Потом было застолье — шумное и веселое. По случаю семейного праздника мать приготовила жаркое из баранины и рисовую запеканку, причем даже из натурального риса, которого Эрнесту до той поры и пробовать не приходилось. Отец извлек из бара бутыль домашней наливки, которой гордился не меньше, чем удачно сведенным годовым балансом. Наливке воздали должное — за исключением Эрнеста и младших двойняшек, естественно. Вот тогда-то раскрасневшийся и довольный дядя Вили стал расспрашивать детей, кто кем хочет стать. И когда очередь дошла до Эрнеста, он без запинки выпалил: «Самым знаменитым скрипачом в мире!» Дядюшка расхохотался, изрек сакраментальную фразу о скромности, а потом добавил эти самые слова: «Впрочем, скромность — верный путь к безвестности»…

Отец, естественно, не принял Эрнеста всерьез. Он полагал, что надежная служба дает человеку стабильность, которой не хватает зыбкой карьере музыканта. Вот он, бухгалтер в крупной строительной фирме, точно знает, что его работа всегда нужна.

— А знаешь, Свен, — возразил дядя Вили, — лет еще этак через десять-пятнадцать даже в такой фирме, как ваша, установят интеллектуальный терминал, подключенный к вычислительной сети, и от всей твоей бухгалтерии останется в лучшем случае один средний руки клерк. Так что советую тебе пересмотреть позиции, зятек. А парнишка твой прав: во всяком деле надо стремиться быть первым. Пусть демагоги и краснобаи твердят, что неважно, достигает человек цели или нет, главное — чтобы эта цель была. Так можно лишь оправдать собственную бездарность, скудоумие, неумение добиваться и пробиваться… А парня ты покажи специалистам. И если сочтут, что из него выйдет толк…

Отец нахмурился, перевел разговор на что-то другое; он искренне полагал, что лучший способ выиграть спор — это вовремя из него выйти.

Но победителем вышел-таки дядя. Или Эрнест — благодаря дяде. Потому что отцовского заработка при всем желании не хватило бы, чтобы платить за учение там, где учился Эрнест. Учился и был всегда первым. Ему прочили карьеру и славу. О нем уже писали газеты, он уже занимал призовые места на конкурсах-национальных и региональных, хотя и не таких представительных, как этот, конечно. У него появились уже свои поклонники и особенно поклонницы, которые засыпали его письмами и жадно набрасывались на свежие номера «Ханны», с приватной доверительностью сообщавшей об очередных шалостях восходящей звезды…

Нельзя сказать, что такая атмосфера доставляла Эрнесту удовольствие.
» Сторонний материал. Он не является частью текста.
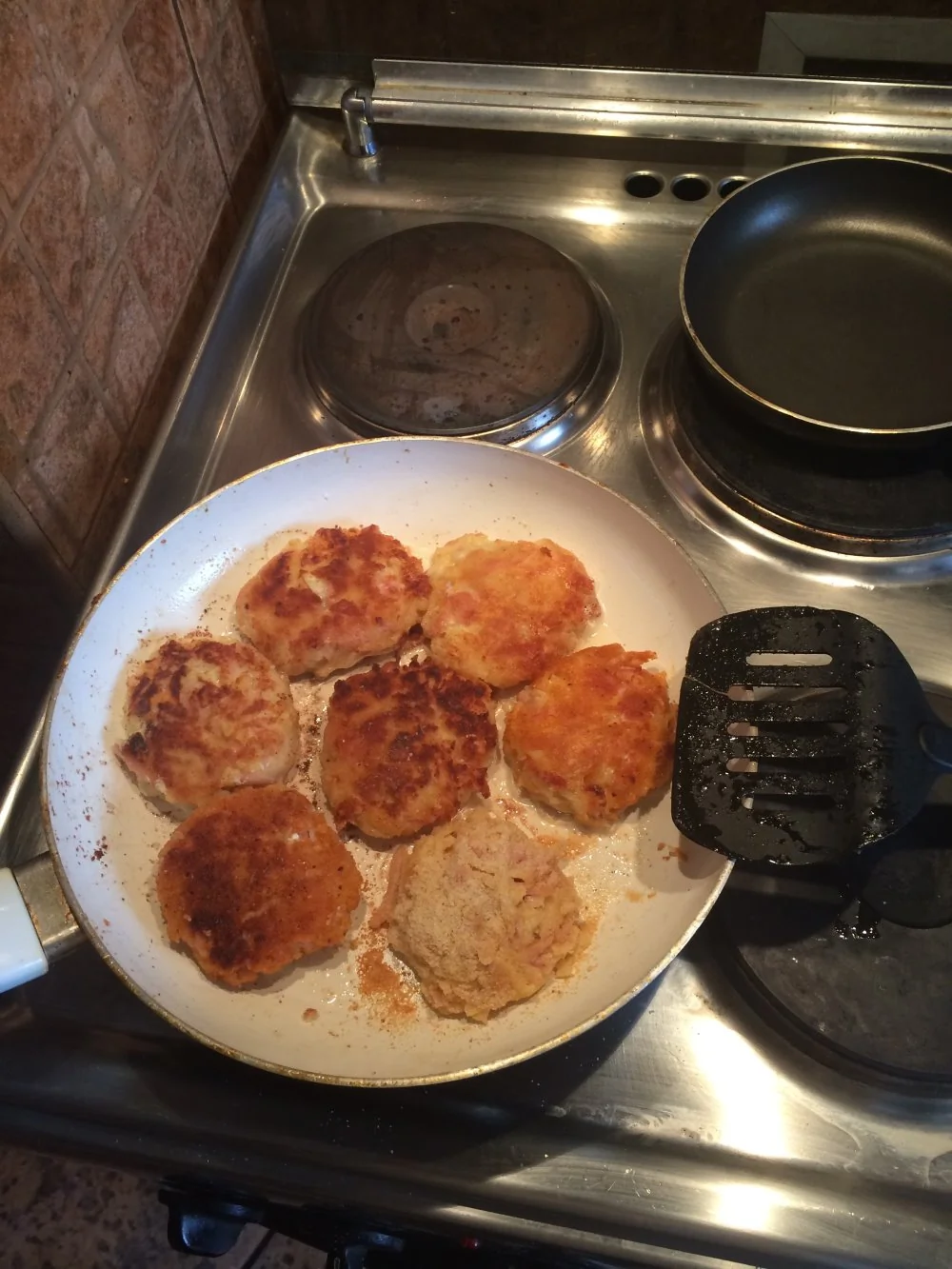 ШАГ 4 Обвалять в муке, сделать в виде биточков и пожарить их на сковороде.

Но он накрепко запомнил оброненные как-то дядюшкой слова: «без паблисити нет просперити». А ему нужно было это самое просперити, нужно прямо-таки позарез. У него были свой план, своя мечта, своя цель, и он добивался их с упорством, достойным дяди Вили. Но для достижения мечты нужны были деньги. И пока его счет хоть медленно, но рос, он чувствовал себя на правильном пути.

Однако на пути лежал этот, нынешний конкурс. Первое место ему прочили едва ли не в один голос. И оно, это первое место, решало почти все проблемы: ведь победителя немедленно облепляют налетающие, как мотыльки на свечу, импрессарио, и каждый подсовывает свой контракт. А среди этих контрактов почти наверняка есть хоть один тот, золотой, который нужно только правильно угадать. И тогда — будущее обеспечено.

Эрнест мечтал о собственной музыкальной школе. И еще — об утверждении стипендии для тех, кто подобно ему самому не смог бы платить за обучение. Но для того чтобы из прекраснодушных мечтаний эти планы стали реальностью, нужна была победа на конкурсе, нужен был золотой контракт. А теперь — теперь все рухнуло. На следующий конкурс ему рассчитывать нечего, ведь Грейвс — это конкурент, которого не обойти, тут надо быть честным с самим собой. Конечно, это не совсем трагедия: все-таки второе место — это второе место, но оно может принести лишь серебряный контракт. Это жизнь. И, может быть, неплохая. Но не исполнение мечты…

Сколько обсуждали они эти планы вместе с Эллен! А где теперь Эллен? Была — и нет ее. Все-таки в каждой женщине есть нечто кошачье, заставляющее сторониться больных, особенно больных самой страшной болезнью — неудачливостью! Эллен… А Кратс — он лучше, что ли? Любимый учитель, любимый ученик, «Кратс — делатель победителей», «восходящая звезда школы Кратса»… А как восходящая звезда сорвалась, так сразу же — в кусты.

Эрнест вдруг осознал, что давно уже не сидит в кресле, а марширует по комнате, все ускоряя шаги в такт резким скачкам мыслей. На какой-то момент он остановился — как раз перед баром, и тот сразу среагировал:

— Повторим, дружище?

— Повторим, — сказал Эрнест. Ему хотелось отключиться, отключиться любой ценой, и этот способ был еще не худшим.

II

«Итак, только что в концертном зале „Метрополитен-Хаус“ завершился один из самых представительных в мире конкурсов скрипачей. Бесспорным его открытием стал наш соотечественник Арвид Грейвс, четырнадцатилетний юноша, о котором еще две недели назад никто не слыхал. Зато теперь о нем услышит весь мир! Какая зрелость интерпретации, какая отточенность техники! Кажется, будто для него не существует трудностей. Жаль, что автору концерта не довелось услышать такого блестящего исполнения своего замысла…»

Профессор Кратс отложил вечерний выпуск местной «Ньюс» и задумался. В этой истории было что-то странное. Откуда все-таки взялся Грейвс? Почему об этом мальчике никто до сих пор не слышал? В конце концов, скрипачи-вундеркинды никому не в диковинку. Но этот выплыл уж слишком неожиданно. Темная лошадка… Это беспокоило Кратса в течение всего конкурса, он нутром чуял в этом парнишке опасность для Эрнеста, хотя при всем желании не смог бы объяснить, откуда шло это ощущение. И потом, Кратс прекрасно знал почерки всех известных и даже не очень известных скрипичных школ.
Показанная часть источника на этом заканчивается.